Learn how to become a caption writer. Research the education requirements, training information and experience required for starting a career in caption writing.

Should I Become a Caption Writer?

Caption writers are responsible for writing transcriptions of television shows and movies, which are displayed on-screen for the benefit of hearing-impaired viewers. Federal laws mandate that virtually all new English-language programming be captioned. Some of these professionals are self-employed and may have significant control over their schedules, but often find it necessary to pursue future assignments and jobs.

Career Requirements

Degree Level Associate's degree; some employers require a bachelor's degree
Degree Field Writing, English, court reporter
Certification Optional certification available through the National Court Reporters Association (NCRA)
Experience Varies by employer; internships available
Key Skills Active listening, writing, reading comprehension, time management, ability to focus for long periods of time, finger dexterity, use of stenomasks, stenotype machines, audio recording equipment, dictation machines, database user interface and query software, enterprise resource planning software, voice recognition software, word processing and spreadsheet software
Salary (2014) $47,684 per year (Median for all writers)

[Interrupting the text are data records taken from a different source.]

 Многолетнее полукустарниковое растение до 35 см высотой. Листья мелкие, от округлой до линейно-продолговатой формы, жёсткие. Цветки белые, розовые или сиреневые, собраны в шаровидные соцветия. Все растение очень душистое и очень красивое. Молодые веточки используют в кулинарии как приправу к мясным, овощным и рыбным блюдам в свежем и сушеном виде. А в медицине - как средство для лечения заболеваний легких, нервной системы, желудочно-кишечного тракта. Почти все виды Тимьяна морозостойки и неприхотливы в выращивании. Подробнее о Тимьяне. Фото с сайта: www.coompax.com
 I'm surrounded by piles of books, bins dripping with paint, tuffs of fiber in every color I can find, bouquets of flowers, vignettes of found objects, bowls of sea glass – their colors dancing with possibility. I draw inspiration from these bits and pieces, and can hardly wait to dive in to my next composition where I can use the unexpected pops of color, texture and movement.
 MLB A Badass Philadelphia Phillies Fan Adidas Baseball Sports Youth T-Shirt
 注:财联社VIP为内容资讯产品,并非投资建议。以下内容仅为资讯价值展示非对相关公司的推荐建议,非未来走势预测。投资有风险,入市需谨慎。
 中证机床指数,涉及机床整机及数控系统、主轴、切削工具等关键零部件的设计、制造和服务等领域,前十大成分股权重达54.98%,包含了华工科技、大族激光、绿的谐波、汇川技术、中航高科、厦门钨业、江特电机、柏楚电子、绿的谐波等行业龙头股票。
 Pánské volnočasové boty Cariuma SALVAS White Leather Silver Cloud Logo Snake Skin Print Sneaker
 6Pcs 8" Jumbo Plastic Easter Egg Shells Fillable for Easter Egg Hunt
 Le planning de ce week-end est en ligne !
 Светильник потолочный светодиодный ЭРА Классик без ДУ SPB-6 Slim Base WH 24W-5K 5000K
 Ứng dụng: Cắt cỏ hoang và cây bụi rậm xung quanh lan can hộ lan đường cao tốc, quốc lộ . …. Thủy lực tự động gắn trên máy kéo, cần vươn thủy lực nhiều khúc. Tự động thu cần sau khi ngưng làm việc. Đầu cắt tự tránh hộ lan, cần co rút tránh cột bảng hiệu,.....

Sources: U.S. Bureau of Labor Statistics (BLS), National Court Reporters Association, Multiple job postings (August 2015), O*NET OnLine, PayScale.

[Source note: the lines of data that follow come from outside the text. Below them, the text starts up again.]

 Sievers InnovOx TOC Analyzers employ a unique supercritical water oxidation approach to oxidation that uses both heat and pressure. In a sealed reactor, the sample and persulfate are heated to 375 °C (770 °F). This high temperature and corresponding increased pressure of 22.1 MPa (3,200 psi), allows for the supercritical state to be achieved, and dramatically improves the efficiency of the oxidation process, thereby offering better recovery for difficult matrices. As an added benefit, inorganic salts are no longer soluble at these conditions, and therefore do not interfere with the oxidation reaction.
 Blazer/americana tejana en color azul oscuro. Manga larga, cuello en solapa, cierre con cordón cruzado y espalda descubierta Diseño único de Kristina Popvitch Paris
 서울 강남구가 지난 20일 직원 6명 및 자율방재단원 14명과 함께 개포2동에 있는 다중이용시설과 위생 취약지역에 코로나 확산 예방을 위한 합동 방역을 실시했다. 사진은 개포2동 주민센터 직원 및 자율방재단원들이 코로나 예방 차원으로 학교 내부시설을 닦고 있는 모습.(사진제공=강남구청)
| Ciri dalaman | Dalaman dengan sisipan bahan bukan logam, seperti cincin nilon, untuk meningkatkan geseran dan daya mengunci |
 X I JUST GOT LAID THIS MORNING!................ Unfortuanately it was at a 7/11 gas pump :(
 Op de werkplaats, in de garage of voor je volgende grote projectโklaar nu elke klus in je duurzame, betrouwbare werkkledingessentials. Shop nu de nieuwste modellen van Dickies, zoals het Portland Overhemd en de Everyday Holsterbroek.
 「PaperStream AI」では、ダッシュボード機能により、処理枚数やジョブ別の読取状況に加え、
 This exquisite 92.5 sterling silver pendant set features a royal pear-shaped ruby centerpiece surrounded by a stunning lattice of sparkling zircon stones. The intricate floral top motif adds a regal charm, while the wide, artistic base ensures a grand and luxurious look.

Step 1: Complete an Educational Program

Strong writing and technical skills are needed to become a caption writer. Caption writers must develop exceptional typing speed and accuracy. Both of these skills can be learned and improved through training. Since the skills for caption writing are similar to those needed for court reporting, court-reporting schools often offer courses for those who want to become caption writers. The NCRA maintains a list on its website of certified court reporting schools with broadcast captioning programs. The National Captioning Institute (NCI) also provides information and resources about the captioning profession.

Success Tip:

  • Complete an internship. Some broadcast stations, businesses and newspapers hire interns for both closed captioning and court reporting, which can provide valuable professional experience. Some college programs for closed captioning provide an internship as a requirement for graduation.

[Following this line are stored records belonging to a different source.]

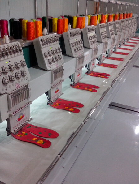 | 型号 | 针数 | 头数 | 头据MM | 绣幅 | 规格 | | | LY-612D | 6 | 12 | 300 | 300*600 | 5200*1800 | | | LY-912D | 9 | 12 | 400 | 400*600 | 6000*1800 | | | LY-620D | 6 | 20 | 200(400) | 200*600 | 5400*1800 | | | 功能项 | 具体参数说明 | | 型号配置 | 6-9针(色) 12-24头 | | 刺绣面积 | X 400mm * Y 750mm | | 设备规格 | | | LCD显示器 | LCD5.7' 彩色液晶显示器 | | 最高速度 | 700针/每分钟(根据机型的不同) | | 自 动 剪 线 | J (有) | | 底 线 检 测 | 具有底线检测功能 自动停车报警 | | 勾线系统 | 采用进口旋梭,进口机针 | | 花样文件传输 | USB 配备专用U盘 大花样快速读取 | | 内存 | 1亿针 10000个花样 | | X&Y 驱 动 系 统 | 加强型直线导轨进口优质轴承,采用意大利进口皮带, 带轮,保证绣框刺绣精度 | | 铝 绣 框 | 特殊结构设计及铝型材,采用科学的桥式结构 | | 机 架 结 构 | 碳钢C40特殊加重机架、加大梁 | | 主电机 | 伺服2.0KW 自动变速 | | 驱动电机 | 步进 110W*2 | | X*Y步进系统 | 采用1000三相细分驱动 绣框精度达到0.1MM | | 整机功率 | 1.8-2.2KW 220V/380V 50 / 60Hz | | 附加功能 | 具有软件限位绣框保护功能,断电保护功能 | | 加油系统 | 无 选购 | | 选购功能 | 加强型针杆箱 | | 选购多功能组合 | 2合1 平绣+亮片绣/绳绣/毛巾绣 平绣+双亮片 4亮片 3合1 平绣+亮片+绳绣/平绣+亮偏+毛巾 4合1 平绣+亮片+绳绣+毛巾绣 | | 随机标配 | 工具包 易损件一套 梭芯2套 梭壳2个 油壶一个 操作说明书 自动绕线机一台 进口机针11#2包 9# 1包 14# 1包 平行调节套装一套 |
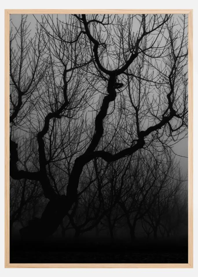 En ildevarslende plakat af et mørkt snoet træ om natten. Den knudrede træstamme spiralerer op fra venstre side af billedet, og de tykke grene er knudret mod en kedelig grå himmel. I baggrunden klynger sig en række mørke sammenfiltrede buske og grene. Tilføj dette billede til en mørk væg for at opnå en virkelig stemningsfuld, men alligevel spændende stemning.
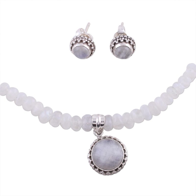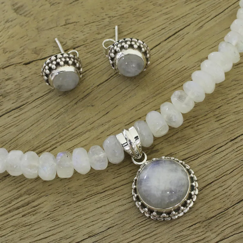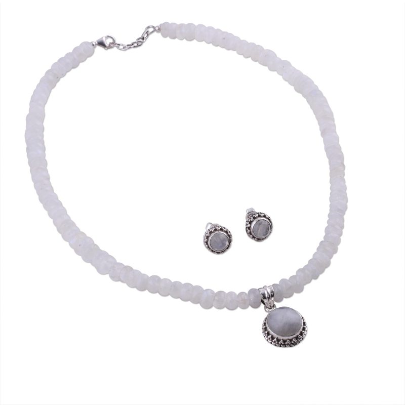 The colorful translucency of moonstone glows eternal in the exclusive design of this jewelry set by Neeru Goel. The pendant and earrings glow like magical moons with sterling silver as their ornate halos.
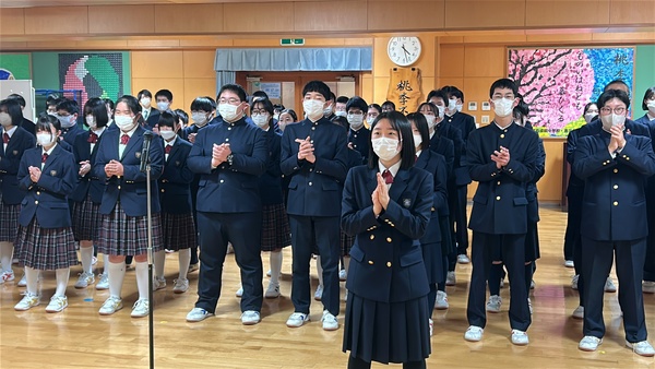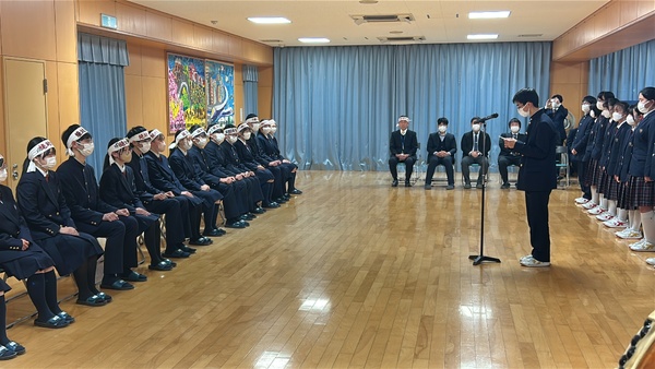 1月15日㈭、腰浜キャンパスで、受験に臨む高校3年生を激励する「中高一貫コース 出陣式」が厳粛におこなわれました。
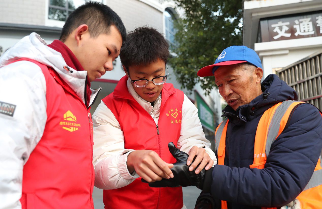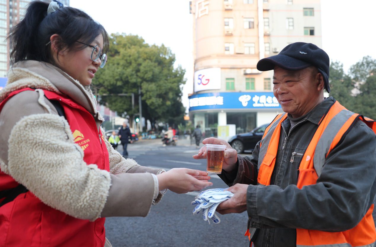 志愿者们提前准备好姜茶、口罩、围巾、棉手套、暖宝宝等物品,在吴旦的带领下从英国365集团官网红湘校区北门集合出发,到达目的地后,志愿者们为环卫工人们戴上棉手套,披上围巾,给他们递上一杯杯热乎的姜茶,并帮助环卫工人完成手头的卫生清洁工作。志愿者们与环卫工人亲切交谈,询问他们的生活状况、身体状况,并不断嘱咐他们在寒冬中要保重身体,注意安全。环卫工人在寒冷的冬天里,用自己的辛勤劳动守护城市的绿色风景线,他们的付出值得我们尊重和感激。
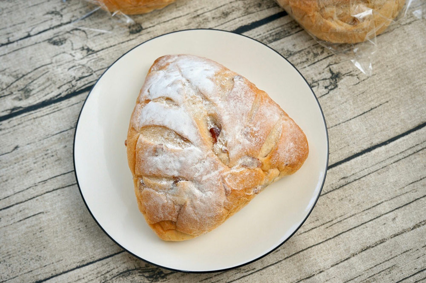 是蔓越梅與核桃當配料,一口咬下,香又細緻綿密。相較一般法國麵包硬梆梆,軟歐更加鬆軟,更符和我們的口感!
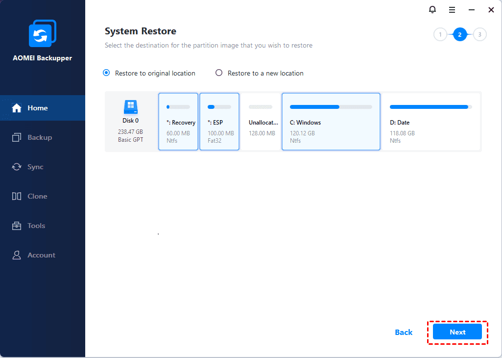 Here you will learn the second method and the easiest, which is to use the "System Clone" feature in AOMEI Backupper Professional to copy system reserved partition completely.
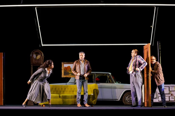 L'année passée, nous n'avions pas totalement goûté aux charmes des décors de Paolo Fantin pour la mise en scène de Don Pasquale proposée par Damiano Michieletto. Pourtant, malgré l'absence de murs, tout y est pour coller au livret de ce dramma buffo et déclencher les rires réguliers. L'ouverture de rideau donne à voir quelques vieux meubles, de l'horloge de salon au poêle de cuisine, avec dehors, juste derrière une porte isolée, une vieille Lancia. Une fois le mariage acté, la sainte Norina devient fléau, et d'un mobilier défraîchi, tout disparaît au profit d'objets designs, souvent choisis pour leur style nouveau-riche, d'une horloge Tiuku à une Maserati Quattroporte.
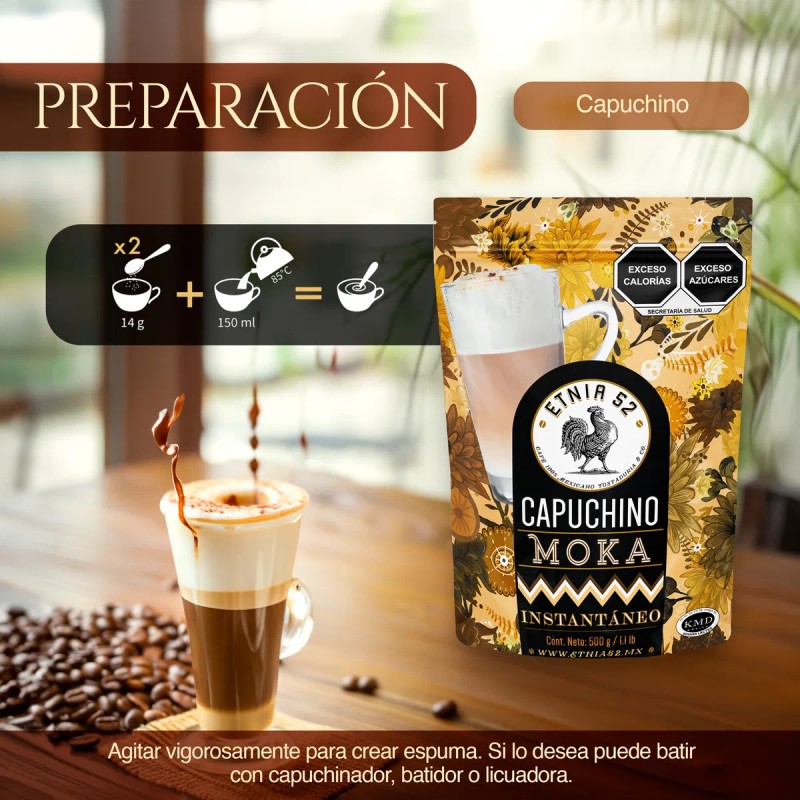 CARACTERÍSTICAS EXCLUSIVAS | Café Capuchino Instantáneo ETNIA 52, 100% mexicano y con certificación Kosher. Disfruta de 500g de un capuchino espumoso y cremoso, libre de gluten y listo para preparar en segundos.

Step 2: Earn Certification

According to the U.S. Bureau of Labor Statistics, certification can enhance the job prospects of court reporters and professionals in related fields, as well as help them progress in their careers. The NCRA offers the Certified Broadcast Captioner (CBC) designation to its members. Requirements for this certification include taking a written exam and passing a 5-minute real time captioning test at 180 words per minute. To keep their certifications, CBC holders must take three continuing education credits every three years. Another option is to earn one of three designations through the American Association of Electronic Reporters and Transcribers (AAERT). Similar to NCRA certification, applicants must pass a written and practical exam to become certified.

Step 3: Gain Initial Experience

People who want to become caption writers may find it useful to hone their skills in a related profession before jumping into the captioning field. A court reporter or relay operator job can help aspiring caption writers learn how to type what they hear quickly and accurately. Captioning assistant positions are also helpful in gaining experience with caption writing.

Step 4: Find Writing Work

Local and national broadcasters and other media companies typically employ caption writers. They may caption pre-recorded programs or transcribe live speech. Additionally, new Federal Communications Commission (FCC) laws require Spanish-language programming to be captioned as well, which may introduce more job opportunities for bilingual caption writers.

Step 5: Consider Specializing in CART

One area of captioning that is related to broadcast captioning is Communication Access Realtime Translation (CART). CART providers work with people learning a second language, as well as the hard of hearing, by providing caption services for school classes, conventions and other situations where clients may need communication assistance. Schools with CART programs are listed on the NCRA website.

Success Tip:

  • Earn Certified CART Provider certification. NCRA members have the option to earn CART certification, which demonstrates to employers that an individual possesses the necessary skills to provide CART services. To become certified, individuals need to pass both a written and skills test.